If ControlURL is not set, the MustConnect will run launcher.New().MustLaunch() automatically. By default, the launcher will automatically download and use a statically versioned browser so that the browser behavior is consistent. So you can simplify the above code into:

func main() {
	rod.New().MustConnect().MustPage("https://example.com")
}

Add or remove options

You can use the Set and Delete to modify the browser launch arguments (flags):

package main

import (
	"github.com/go-rod/rod"
	"github.com/go-rod/rod/lib/launcher"
)

func main() {
	u := launcher.New().
        Set("user-data-dir", "path").
        Set("headless").
		Delete("--headless").
		MustLaunch()

	rod.New().ControlURL(u).MustConnect().MustPage("https://example.com")
}

As you can see from above the -- prefix is optional, such as headless and --headless are the same.

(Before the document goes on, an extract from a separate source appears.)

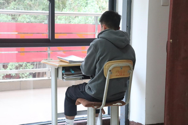 尽管已是寒冬,不应景的电风扇还摆在教室里,夏天备考时带来的已无暇带回宿舍。自习室里陆陆续续有同学前来复习,校园静谧的早晨伴随着教室门口榕树脚下的英语朗读声而开始。
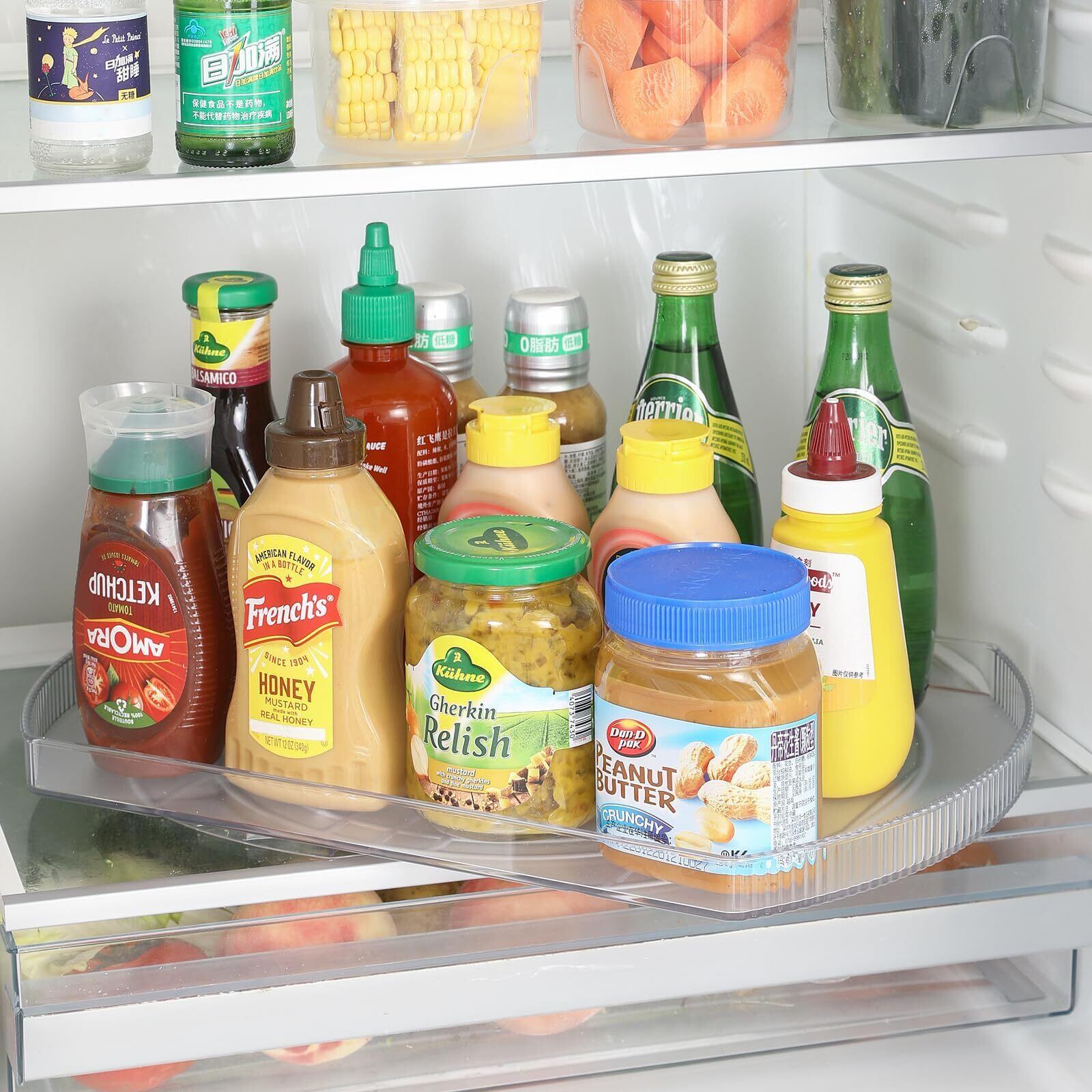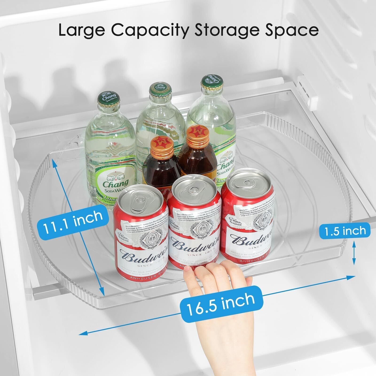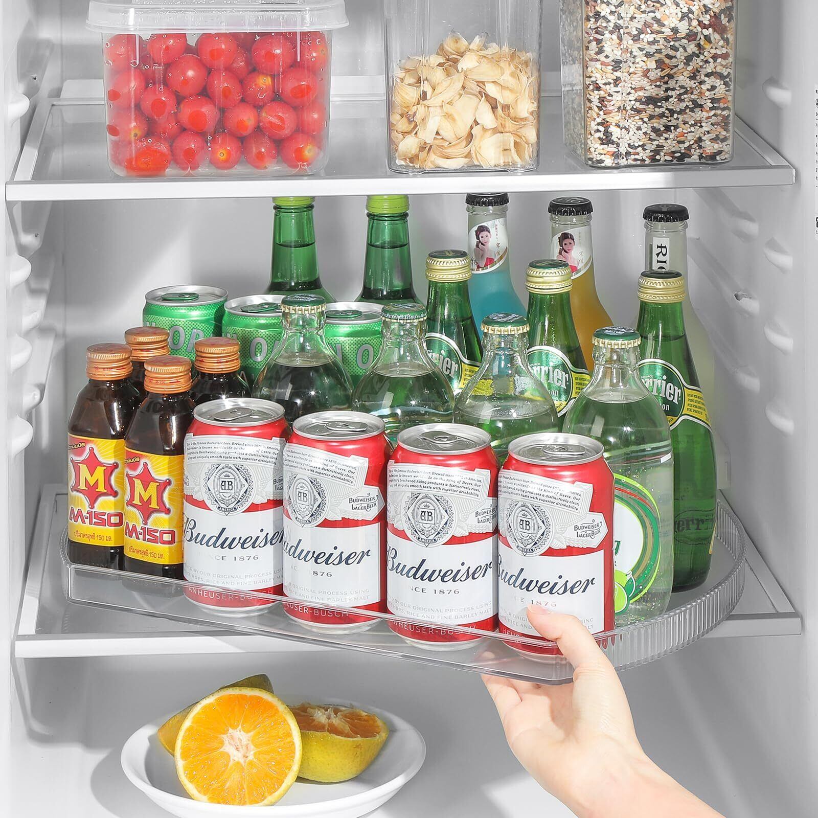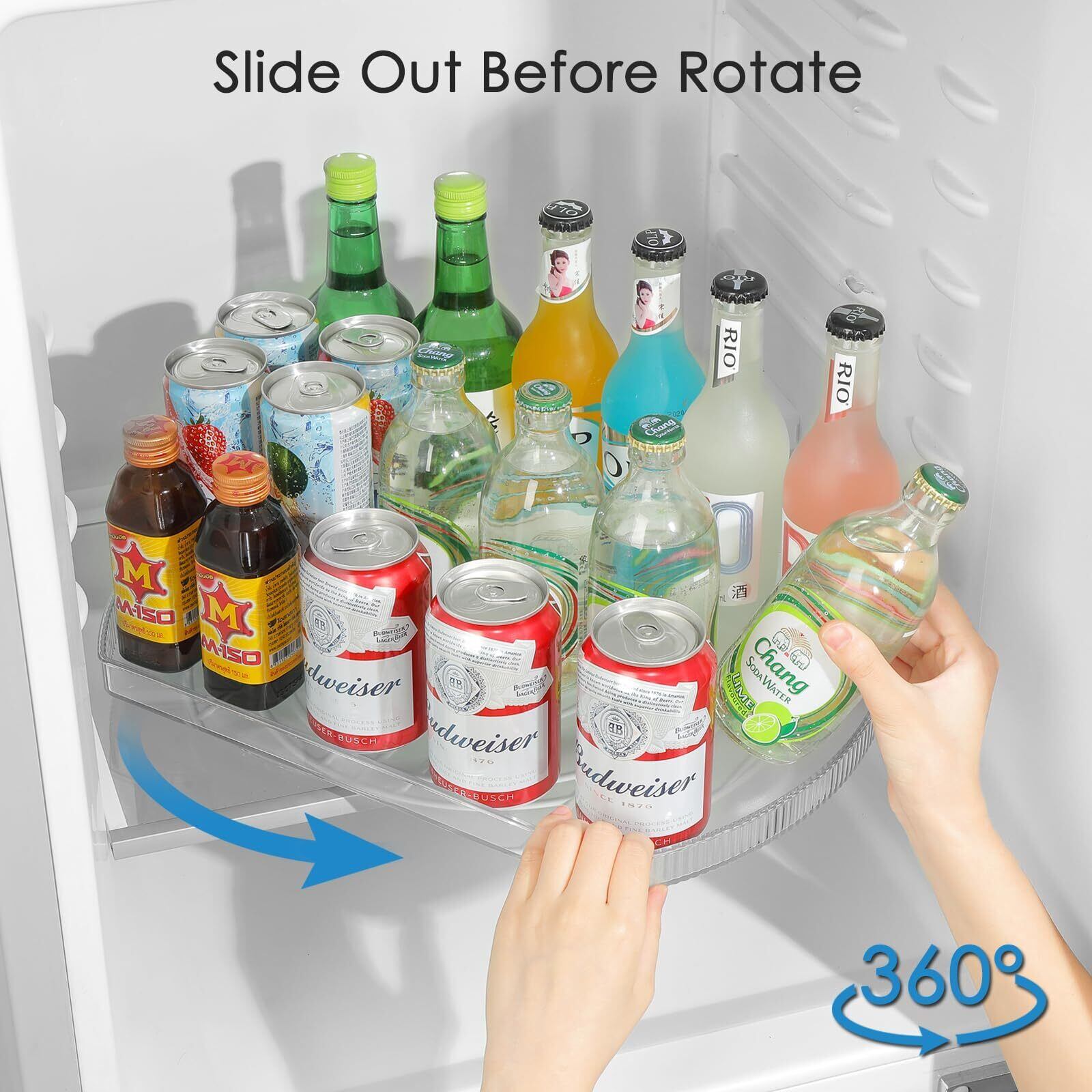 冷蔵庫用回転式収納ラック, 360度回転可能, 長方形16.54x11.03インチ (42x28cm), 20缶収納可能, 滑り止め吸盤付き, 引き出し式ターンテーブル

Because options like user-data-dir, proxy-server, headless are so often used, we added some helpers for them, so the above code can become like this:

func main() {
	u := launcher.New().
		UserDataDir("path").
		Headless(true).
		Headless(false).
		MustLaunch()

	rod.New().ControlURL(u).MustConnect().MustPage("https://example.com")
}

Here are the available flags: link.

Read the API doc for more info: link.

Cleanup

By default, the browser will create a user-data-dir to store the user data, such as cookies, cache, etc. Rod provides a helper function Cleanup to remove it after the browser is fully closed:

func main() {
	l := launcher.New().
		Headless(false).
		Devtools(true)

	defer l.Cleanup()
}

Remotely manage the launcher :id=remotely-manage-the-launcher

For production scraping system, usually, we will separate the scrapers and browsers into different clusters so that they can scale separately. Rod provides the module launcher.Manager to manage the launcher remotely. With it we can remotely launch a browser with custom launch flags. The example to use it is here.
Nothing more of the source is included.